Он так и не простил себя. Не смог, как ни старался. Хотя, наверное, он и не старался, он просто закрывал на него глаза. Вначале ему было важно, чтобы его простила Лена. Только в этом он видел смысл своей жизни. А когда она сделала это, когда смогла, когда решилась, когда простила… Все остальное стало неважным для него. Но собственное непрощение коршуном нависло над ним, ожидая добычу, стояло рядом, дышало в затылок, хохотало и дичилось, упиваясь собственной властью над ним. И не отступало.

Все вокруг напоминало ему о том, что он сделал. И хотя они сменили обстановку, поменяли почти все, что могло бы им напомнить о том прошлом, в которое им не было возвращения, все, все на его пути было словно бы пришедшим из этой жизни, где он был виноват. Из той жизни, где ему не было прощения.

Непрощение било его и кромсало, а он не мог сдержать его напор. И не знал, сколько должно пройти времени, прежде чем он начнет видеть в себе не мучителя, а защитника. И он боялся, что не успеет пройти этот путь. Боялся, что не выдержит и опять разрушит то, что они с Леной строили с таким трудом.

А в ночь с девятнадцатого июня на двадцатое произошло непредвиденное.

И это действительно поделило его жизнь на «до» и «после».


Все началось ночью. Он проснулся оттого, что кто-то будто толкал его в спину, а в затылке нестерпимо кололо. Собственное сбившееся грубое дыхание поверх приоткрытых губ и холодный пот, сковавший тело кольцом. И это ужасающее, мерзкое чувство пустоты. Он снова был один.

Резко сел в постели, оглянулся. Лены не было рядом с ним. Сердце забилось сильнее.

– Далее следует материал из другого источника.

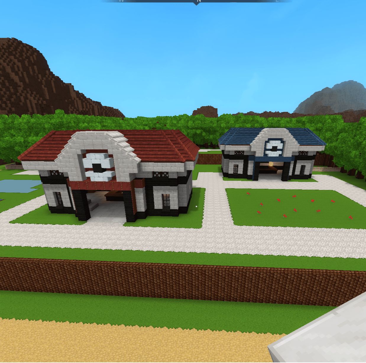 Prefab of a PokéCenter and PokéShop in the Hytale universe, in the hope of a Cobblemon game coming soon.
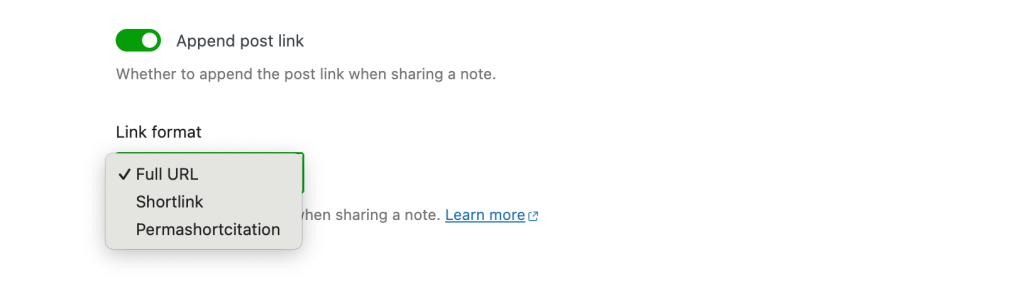 - Full URL: This is the default option. It links directly to your note using the full URL. Example:
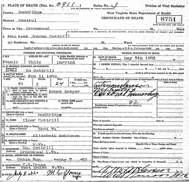 Wife: Joanna Cottrill Married: May-24-1883 in Doddridge Co, WV 6 Born: Feb-11-1859 in Harrison Co, (W)VA 1,7,8 (see note 1) Died: May- 5-1932 in Greenwood Cemetery, Greenwood, Doddridge Co, WV 1,7 Buried: in Cabin Run Cemetery, Doddridge Co, WV 1 Census: 1910 at Sunnyside (West Union), Doddridge Co, WV 5 Census: 1900 in West Union District, Doddridge Co, WV Census: 1860 in Doddridge Co, (W)VA Resided: 1883 in Doddridge Co, WV 8 Father: Elmore Cottrill (1830 - 1893) Mother: Elizabeth Robinson (1836 - )
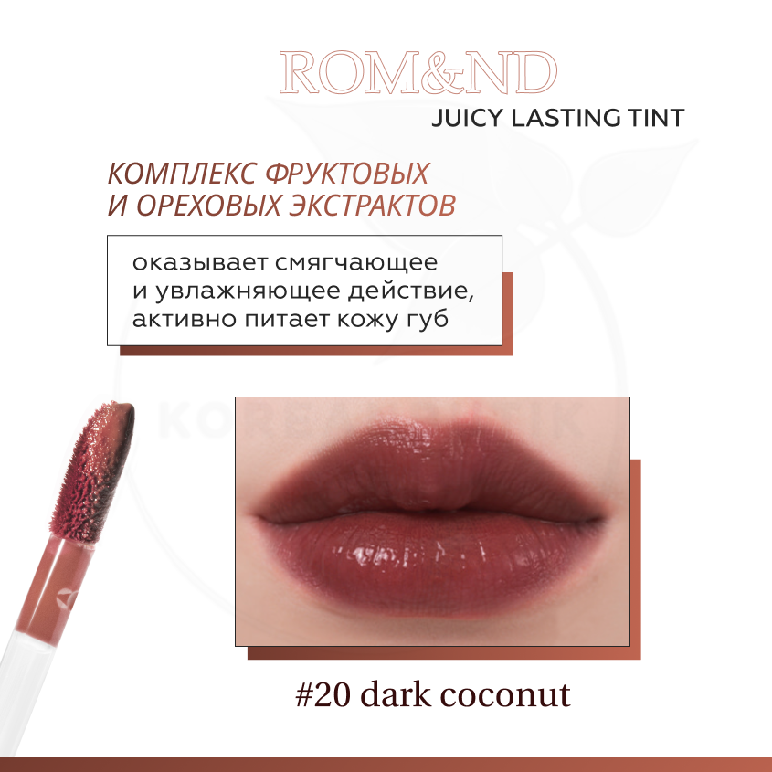 Купить Тинт глянцевый для губ | ROM&ND Juicy Lasting Tint 20. Dark Coconut

— Лена!.. — крик замер на губах, резкий, острый, надрывающийся крик. Вскочил с постели. — Лена!?

Метался по комнате, как безумный. Ушла? Оставила его?… Снова?! Нет, не могла… У них все началось налаживаться. Все было иначе, не так, как раньше… Что-то не так! Неспокойно на душе, в сердце, внутри.

Застыл на месте, как вкопанный. Кровь стучала в висках, пульс бился в ушах. В глазах безумие и страх. И лишь поток лихорадочных мыслей в голове и бессмысленных движений по комнате.

— Лена!? — вновь крикнул он, разрывая криком тишину и темноту мрачной ночи.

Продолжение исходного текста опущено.